Will the citizenship question break the census? No, says economics prof

Matt Weeks | Jul. 09, 2019

The next U.S. Census will be conducted in 2020, providing the federal government with a host of data about American residents. That information will be used to determine things such as the number of seats each state has in the House of Representative and how federal funds are distributed. 

The University of Georgia’s Ian Schmutte, associate professor of economics at the Terry College of Business and former economist at the U.S. Census Bureau, has published research about the agency and how it can best deliver their data to policymakers. 

What kind of information does the government want from the census?

The decennial census is the primary source of information about the demographic makeup of our country. Section 2 of the 14th Amendment to the Constitution requires that we conduct a census of the population every 10 years. Currently, the decennial census collects information on the number of people living in a household along with their gender, race, ethnicity and age.

Using this information, the Census Bureau can publish detailed statistics on the demographic makeup of all neighborhoods (e.g. census tracts) in the U.S.

Data from the census is used:

  • For the apportionment of congressional seats to the states,
  • By state legislatures to draw congressional and other voting districts
  • For the allocation of around $675 billion in federal funds
  • For enforcement of the Voting Rights Act
  • By city planners to help plan, for example, the locations of schools or emergency services
  • By businesses to help choose new locations and predict market opportunities

 

The decennial census is also used as a “gold standard” basis for the design and evaluation of other surveys conducted in the public and private sectors.

 

Do taxpayers have access to the data collected?

The Census Bureau provides copious amounts of information based on the census to the general public. It provides literally millions of tables that describe the demographic makeup of each neighborhood in the U.S. In addition, the Census Bureau publishes the anonymized data of a random sample of individuals that researchers, reporters and others can use to assemble their own customized analysis.

 

There’s been a lot of talk about whether or not a question about citizenship should be included in the questionnaire.  How would that affect the data and how the government releases it?

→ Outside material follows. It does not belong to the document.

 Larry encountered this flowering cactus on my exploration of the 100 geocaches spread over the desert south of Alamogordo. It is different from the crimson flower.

Whatever questions are included, the Census Bureau will take all necessary steps to ensure a complete count, and to comply with its dual mission to provide accurate statistical summaries of the population while protecting the privacy and confidentiality of its respondents.

 

How do you balance the right of privacy on the census with the public good that it represents?

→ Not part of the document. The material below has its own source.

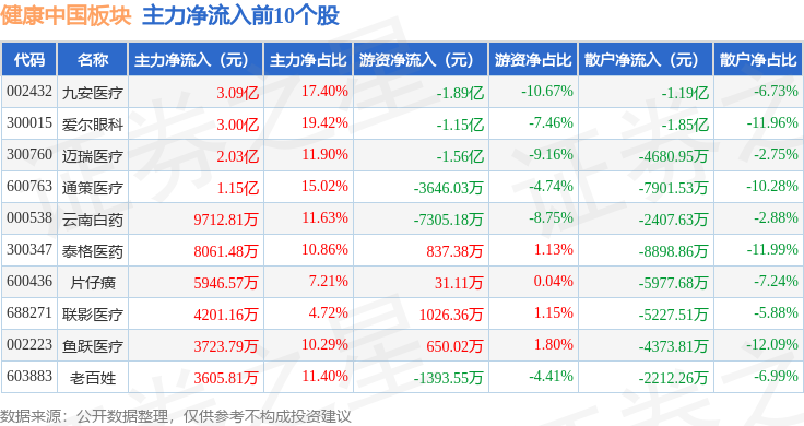 从资金流向上来看,当日健康中国板块主力资金净流入5.01亿元,游资资金净流出3.31亿元,散户资金净流出1.7亿元。健康中国板块个股资金流向见下表:

This is ultimately a social question that depends on how we, as a polity, balance the benefits of having accurate data with the costs of privacy loss. To be clear, by law the Census Bureau is not allowed to share the information it collects with other parts of the government that might use them for, say, law enforcement or other administrative purposes. When people respond to the census, they should feel very confident that their private responses will not be inappropriately shared with other parts of the government, nor leaked due to a security breach.

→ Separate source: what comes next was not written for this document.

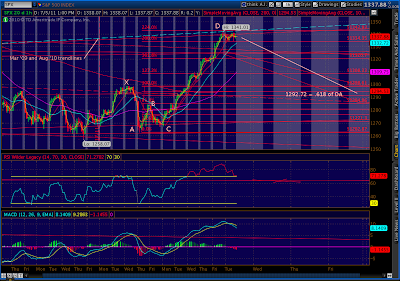 The initial target of a Crab Pattern is the .618 retrace of the AD leg. Here, that translates into 1292.72. Subsequent targets include a 1.272 retracement of AD at 1242 and a 1.618 retracement at 1214. (As I mentioned in this weekend’s post, I suspect the initial drop will stall by 1299 in order keep alive the hopes of a wave 5 up.)
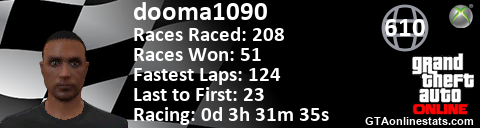 <a href="http://GTAonlinestats.com/showplayer/dooma1090"><img src="http://GTAonlinestats.com/racesignature/dooma1090/sig.png" alt="dooma1090" border="0" /></a>

That said, my research with John Abowd deals with privacy loss that arises from publishing summaries of individual responses to the Census. Those publications have the potential, when combined with other information, to reveal small amounts of information about individuals. The Census Bureau has long been aware of this issue and uses tools of statistical disclosure limitation to ensure that privacy losses are as negligible as possible, given the need for accurate data.

In our recently published papers, Abowd and I argue that publishing better statistics – which enable better decisions – requires greater risk of privacy loss. To understand whether we should publish more accurate statistics depends on the cost of accuracy, in terms of increased risk of privacy loss and our willingness as a society to pay that price. Both are hard questions to answer, and depend on the value of better governmental and business decisions, and the harm from privacy losses.